Which guy? Stephen or the elk?
Great question David Duncan.
I’m not into miscegination. Anyway, that bad boy would kick my ass.
Did he stick the landing?
It sure doesn’t look like he was going to clear the fence since he has legs on either side of the top wire.
Just wondering. If he is still there, trapped in barbed wire, maybe you can compete for the cows after all.
He stuck it with room to spare. I have the photos to show it. If the cows and yearlings can jump that fence (as they did), believe me, a powerful bull can do it.
I try to keep my fences wildlife friendly — high enough to keep stock out (or in), and low enough for elk, deer, and moose to jump.
It occurred to me that you might have been referring to my comment about finding a cow elk dead, trapped in barbed wire. That wasn’t on my property. It was up Democrat Gulch west of Hailey, Idaho, on public land. She should have cleared it. The rest of the herd did. Her genes won’t be passed along.
Your two comments cleared those issues up. Thanks for replying, Stephen. 🐶
I’m sure he would. I wasn’t suggesting you we’re into miscegination, it was just a lame joke.
I want to show that bull in his full profiled glory. Let’s see if this works.
At 6:15PM this evening there were four moose in my yard, in a bunch: the cow and her two nearly grown calves that have been hanging around all year, and a bull who was rubbing his antlers on my trees. The bull is clearly in rut, and the cow seems receptive. The calves were standing to the side and making pathetic mewling noises, not at all happy with the situation. I didn’t dare get close to get a good photo. They weren’t even afraid of Deets, my Border Collie, who was freaking out.
I’ve never seen anything like this. Moose porn. I feel dirty.
When I first saw the pic I thought it was an elk farming operation, but the comments suggest we’re talking wild elk here. Is there any elk farming in Idaho? (I know of some in N Dakota.)
There is some elk farming in Idaho, but I’m not very familiar with it. In 2006 a whole lot of domesticated elk escaped (more than 100) up by Yellowstone Park. It had people very worried because they can spread diseases. I understand that some elk farms offer “hunting,” which I strongly disapprove of, as I do all canned hunting.

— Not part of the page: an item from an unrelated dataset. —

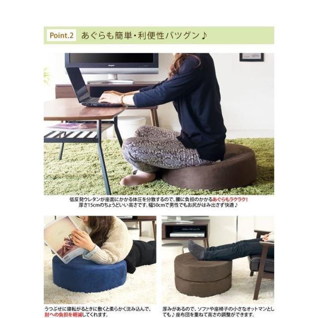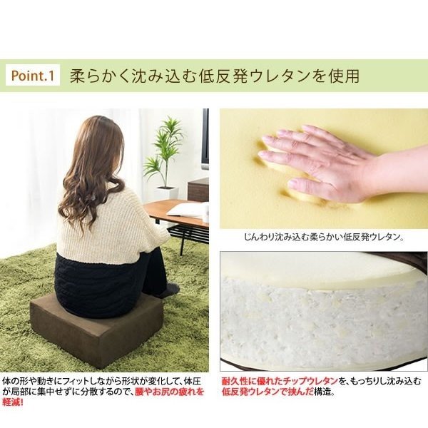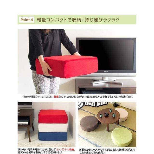 分厚く存在感のある座布団は、低反発ウレタンを使用した15cmの極厚クッション
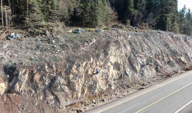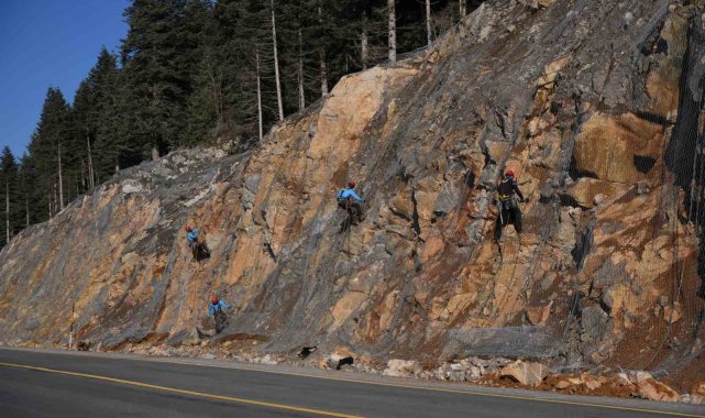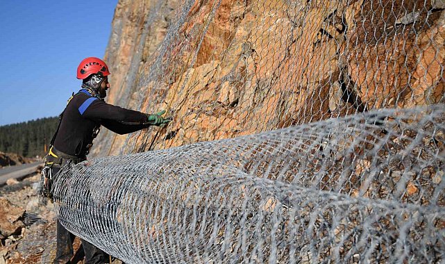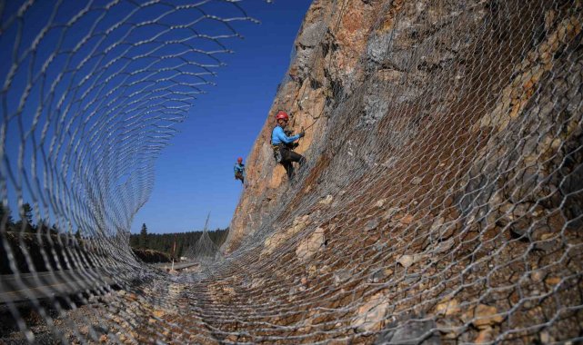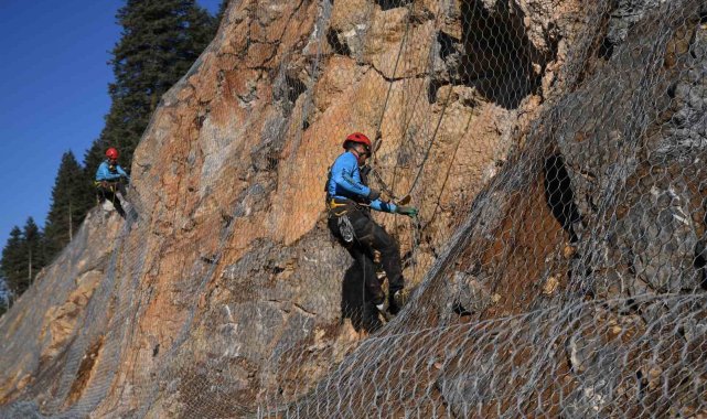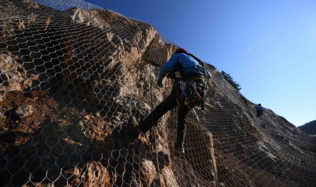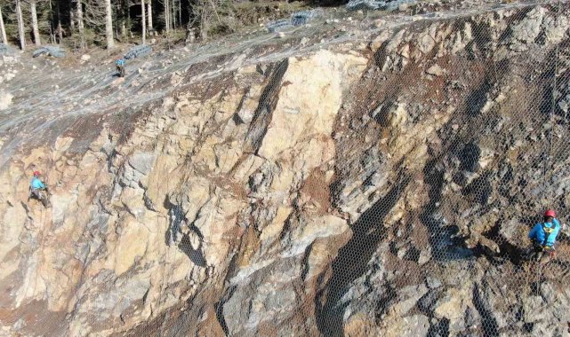 Sık sık heyelanların yaşandığı 2 bin rakımlı dağ çelik ağlarla örülüyor

My hunter friends tell me that elk is the best game meat. I’ve eaten it and agree that it’s very good.
I’ve been told that elk can transmit the equivalent of mad cow disease to humans, and an acquaintance who would know no longer eats elk meat at BBQs in the US.
Just curious if we could get permission to post your photo on the Facebook page for the Rocky Mountain Elk Foundation. Thanks,
No problem. I think I already did, and I’ve already gotten 17 likes, but I don’t see it there.